Coding Period (Week 6 + Week 7)
Continuing on my previous blog, which covered the project report for first half of the coding period, in this blog post I’ll cover the work that I did in week 6 & 7 and how there was a sudden change in the plan of action.
I had completed my first evaluations and was ready for a heavy 2nd half ahead 💪.

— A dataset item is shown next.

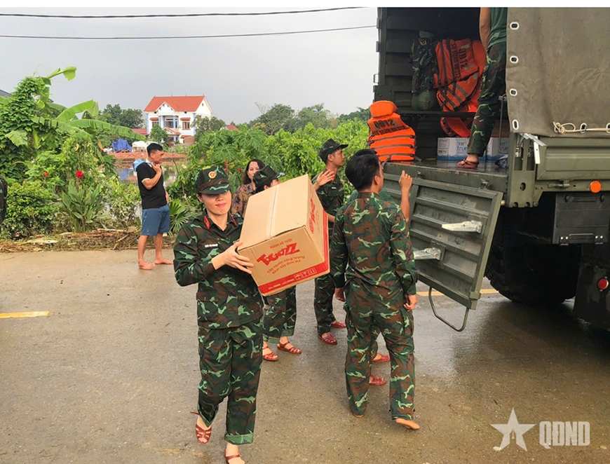 Trước tình hình nước lũ rút chậm, nhiều khu vực tại xã Trung Giã, TP Hà Nội vẫn bị chia cắt, cô lập, Sư đoàn 312 (Quân đoàn 12) chỉ đạo Trung đoàn 141 nhanh chóng tổ chức lực lượng bảo đảm hậu cần tại chỗ, phối hợp cùng địa phương triển khai các hoạt động cứu trợ, giúp nhân dân khắc phục khó khăn.

After successfully implementing the TF-IDF + K-Means model, the results weren’t that good since the distribution of items into clusters was very uneven, and simply re-ranking the items won’t make sense.
So we had decided to use LDA to reduce the dimensions of the dataset along with CountVectorizer, to replace TF-IDF.

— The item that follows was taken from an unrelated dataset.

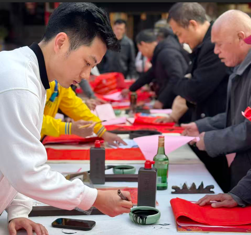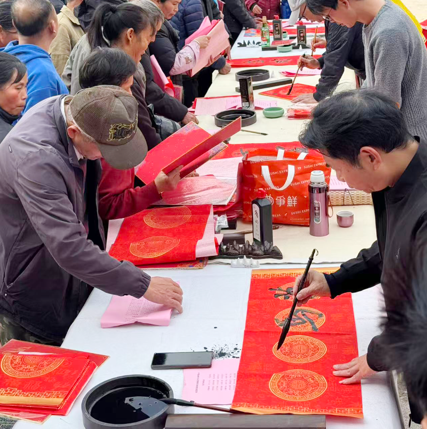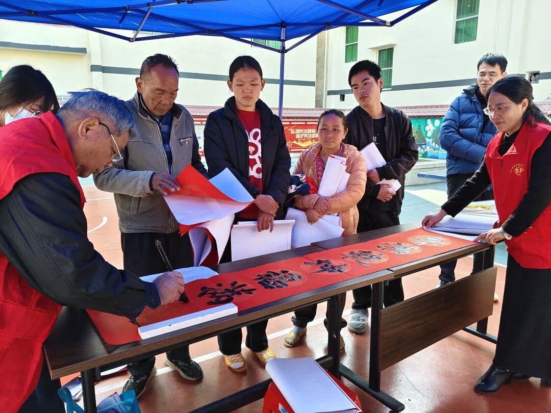 活动组织市、县两级10余名书法文艺志愿者现场挥毫,为村民书写并赠送春联,将新春的祝福与文明的清风送入千家万户,为即将到来的马年增添了浓厚的文化气息与祥和暖意。

At the end of week 5, we were thinking of using 200 topics for LDA and were also confused regarding the library (Gensim vs Sci-Kit Learn) and also had to integrate the CountVectorizer + LDA model with K-Means.
Week 6 was all about testing LDA models (Gensim and Sci-Kit Learn) by changing the hyperparameters and trying to integrate them with the K-Means model.

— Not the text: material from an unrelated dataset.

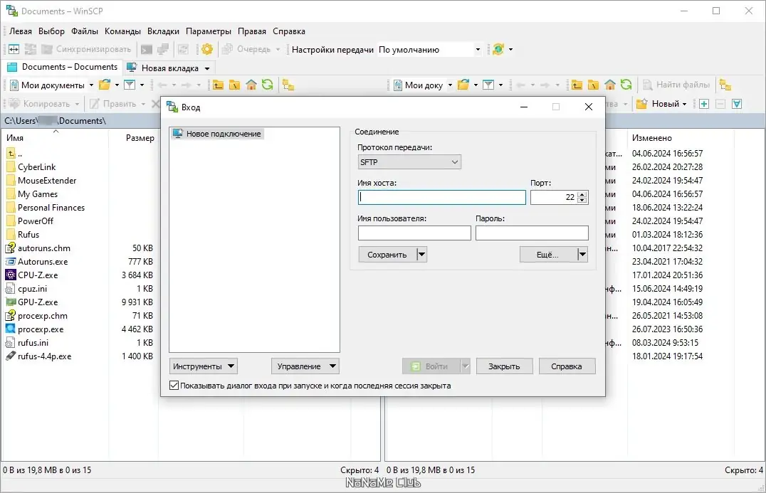 Работа с WinSCP

The Gensim model had the following problems:
- Multi-Thread Processing is often used to freeze my laptop and cmd.
- Repeated words for even lower topics.
- Poor recommendations
So we just stuck to Sci-Kit Learn for LDA and integrated it with K-Means. One more issue was the “number of topics”. Out intuition suggested that we should use around 100 to 200 topics but the model had repetitive values even for 50 –60 topics. So we decided to test it mathematically.
The Log-Likelihood values of topics from 5 to 50 are as follows:
Since 10 topics had the highest score, we decided to move forward with it.
I also made some minor changes in the cleaning module as well.
- Combined the name and description to create a single dictionary.
- Changed the name from “Untitled” to “ ”.
- Removed Unicode characters of the form “\r\n”, “\u1001”, etc.
My majority of the week went into integrating the LDA model with the K-Means model and not only the results were impressive, but also the distribution after K-Means clustering became much better when compared to the TF-IDF + K-Means model.
Note: You can check the code for the diagrams that I have used here.
The next step was to go forward with the 2nd layer of the model which initially was re-ranking based on stars and views, but this still won’t be able to recommend similar circuits because the number of items in a cluster is still a lot.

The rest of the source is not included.